Я разглядывал его затылок, воротник грязной рубахи, и тут мне пришло в голову, что можно убить его. Оружие у меня было с собой, в портфеле: ножницы с длинными концами, которые Тита просила меня купить в центре. Момент был самый подходящий: мы как раз проезжали по темной безлюдной улице. Один удар в затылок…
Можете остановиться здесь, сказал я глухим, каким-то чужим голосом. Но – возразил он – это не тот адрес, который вы мне дали. Делаю вид, что не слышу; вот я уже расплачиваюсь, выхожу, ныряю в какой-то переулок, прислоняюсь к стене, потрясенный и расстроенный: Господи, когда же это кончится?
Домой я пришел буквально на последнем издыхании, не ужиная, сразу лег. Тита забеспокоилась, стала спрашивать, что случилось. Ничего, отвечал я, ничего, все в порядке.
На следующий день я почувствовал себя нехорошо и остался дома. Еще несколько дней происшествие не выходило у меня из головы. Под конец я засомневался: а действительно ли тот, кого я видел, был Педру Бенту? Маловероятно, решил я. И забыл об этом случае. Тем более, хватало других забот: никак не удавалось ввезти деньги в страну. В принципе было запланировано несколько операций по импорту, но вообще – ничего конкретного. Это выбивало меня из колеи. К вечеру я чувствовал себя разбитым, во рту горчило. Копыта, которых я раньше не замечал, теперь болели. Там внутри, в сердцевине, в костном мозге, в самой глубине, рождалась острая пульсирующая боль, как будто содержимое уже не вмещалось в ороговевшую оболочку, сдавленную к тому же металлическим каркасом сапога. У меня начались головные боли, как у Титы. Казалось, что у меня в мозгу отдаются эхом далекие ритуальные барабаны африканцев. И индейцев чарруас, тапис и тапуйас.
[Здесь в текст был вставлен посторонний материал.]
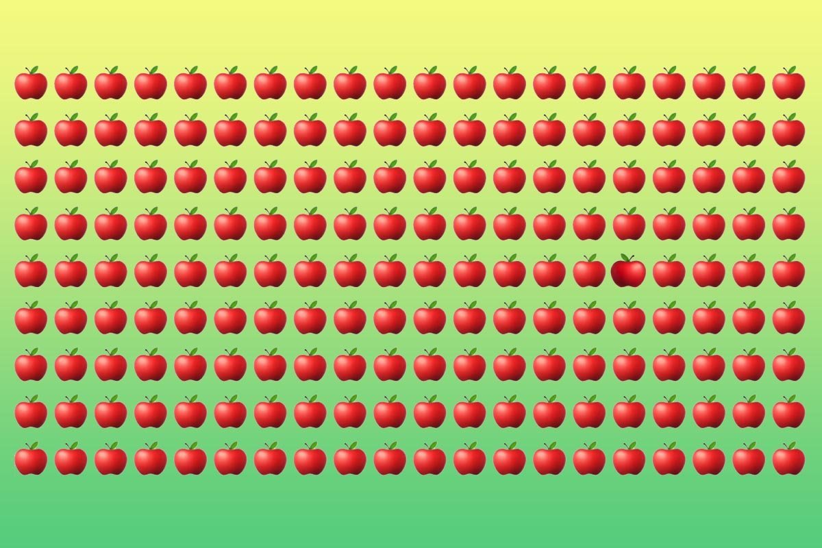 - En la quinta fila de la derecha, la sombra de la manzana cae del otro lado. Era difícil encontrarla, ¿verdad?

И вот я совершил первую сделку: продал пока небольшую партию марокканских фосфатов. Коммерсант, купивший у меня товар, солидный немец, рассчитался наличными.
Успех вдохновил меня. Я буквально воскрес. От избытка счастья заказал рамку для одной из банкнот. И пригласил Титу в ресторан. Именно тогда на одной тихой улице мы обнаружили маленький домик, украшенный в мавританском стиле – тунисский ресторан «Сад наслаждений». Жаль, не марокканский, сказала Тита, но это почти одно и то же.